Les pères de familles aux revenus limités sont désemparés et ne savent plus où donner la tête à cause des prix affichés en ce début du ramadhan, des prix qui ont pratiquement doublés hormis quelques produits qui n’attirent plus les ménagères. La mercuriale est en folie dans certains marchés de la ville à l’image de Souk El Hattab, où le prix de la pomme de terre est resté en l’état, ne dépassant pas les 70 dinars. Certains clients sont étonnés devant cette flambée des prix et nombreux sont ceux qui sont obligés de rebrousser chemins, les couffins vides et mécontents.
Petites bourses, s’abstenir !
En effet, les prix de certains produits ont connu une hausse, dont la banane qui a vu son prix doubler pour être plafonné à 750 dinars, alors qu’il y a une dizaine de jours, son prix ne dépassait pas les 360 dinars, la fraise est à 500 dinars le kilo, mais personne ne l’achète. Idem pour l’orange, dont le prix ne dépassait pas les 220 dinars, aujourd’hui il varie entre 350 et 400 le kilo, même l’orange de petit calibre spéciale jus qui était cédée à 120 dinars n’a pas été épargnée par la hausse pour atteindre les 200 dinars.
Les familles aux rentes limitées sont saignées à blanc et ne cessent de se demander les raisons de ces prix qui augmentent à chaque mois du ramadhan.

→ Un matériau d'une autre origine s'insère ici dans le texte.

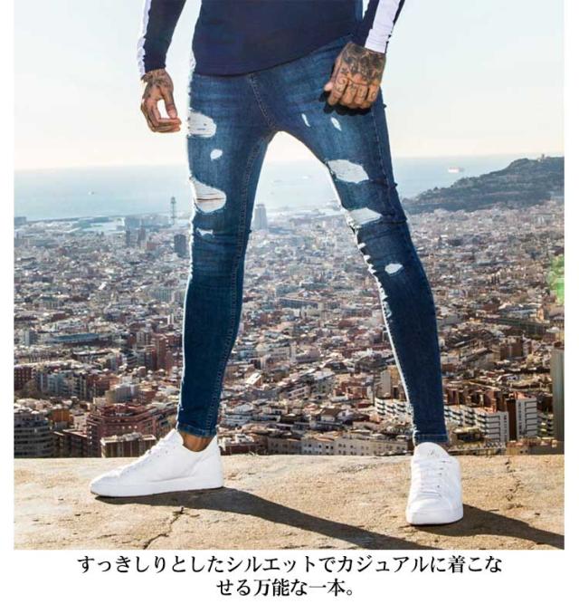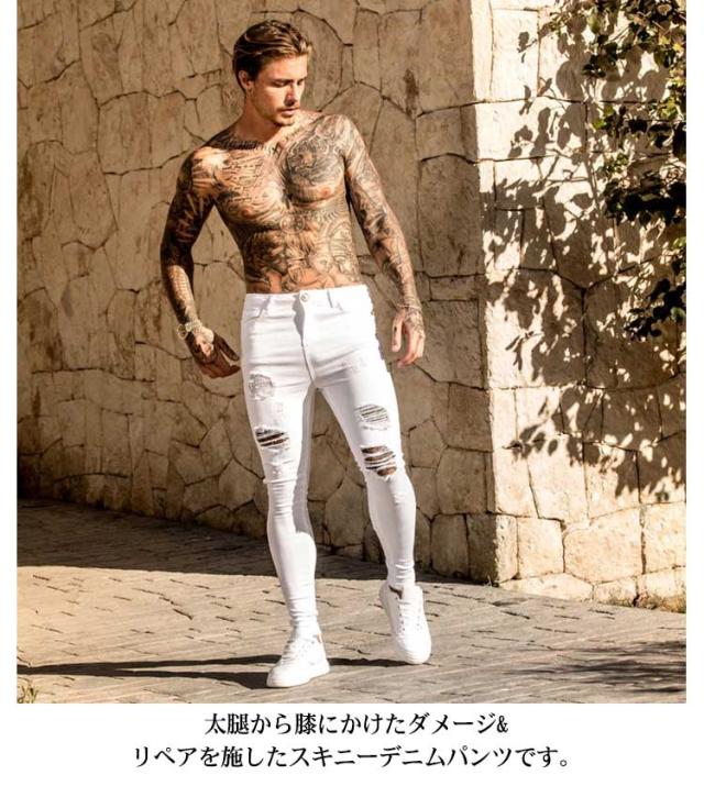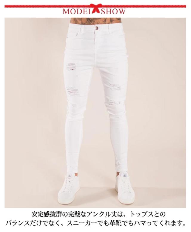 | 大人気のダメージ&スキニージーンズからアンクルタイプの登場! S-5XLサイズあり! 安定感抜群の完璧なアンクル丈は、トップスとのバランスだけでなく、スニーカーでも革靴でもハマってくれます。 太腿から膝にかけたダメージ&リペアを施したスキニーデニムパンツです。 極細シルエットでかつ穿き心地をさらに良くするためにストレッチ性が強いデニム生地をさらに改良。 お尻までスーパーストレッチで、伸びやかな穿き心地ときれいなラインを叶える1本になっています。 すっきしりとしたシルエットでカジュアルに着こなせる万能な一本。 | |

Les raisons sont multiples, dont les spéculateurs qui gardent toujours leur capacité de jouer sur les prix, et également l’indisponibilité du réduit qui obéit à la loi de l’offre et la demande. L’oignon vert qui coûtait la semaine dernière 100 dinars les 3 kg, a vu son prix augmenter pour atteindre les 40 dinars le kilo ; ce qui est d’ailleurs le cas pour la carotte, dont le prix a doublé pour atteindre les 100 le kilo. La datte, un produit national prisé par les citoyens, passe de 400 à 700 dinars, ces derniers n’auront que leurs yeux pour l’admirer de loin.
La viande à 1200 dinars, ‘’makanech’’
Au niveau du marché El Hattab, un fait attire les passants, celui du nombre de vendeurs de sachets à la criée qui dépasse celui des clients annabis qui continuent à acheter de la viande, ce produit de luxe si désiré, à 2600 dinars le kilo. Ces derniers se rabattent ainsi sur le poulet, dont le kilo est cédé à 470 dinars, et là, il y a des prémices qui prédisent que la viande blanche augmentera également les prochains jours, vu sa rareté sur les étalages et ceci est un indice révélateur et un indicateur d’une probable prochaine hausse.
Au niveau du souk de proximité de l’Avant-port, des produits de mauvaise qualité sont exposés, et les citoyens ne semblent pas intéressés par ces produits. Quant aux fruits et légumes, ils ne sont pas concurrentiels, à titre d’exemple, la pomme de terre à 75 dinars, la pomme à 500 dinars mais de petit calibre, mais point de viande à 1.200 dinars comme ça a été annoncé. Ailleurs, dans d’autres marchés, ces mêmes produits sont cédés à moindres prix qui défient toute concurrence et d’une meilleur qualité, ce qui a poussé les citoyens à fuir ces marchés de proximité.
Au centre-ville, ce sont de longues files que se forment au niveau de n’importe commerce, dont les zlabia, les feuilles de brik, les pâtisseries, les boulangeries et la liste des commerces qui sont pris d’assaut est longue. Les citoyens espèrent que cette hausse des prix est temporaire et que ces derniers se stabiliseront au fil des jours. Mais entre-temps, les ménages sont saignés à blanc et les commerçants indélicats profitent de ce mois sacré du ramadhan pour se remplir les poches au détriment de ces pauvres citoyens.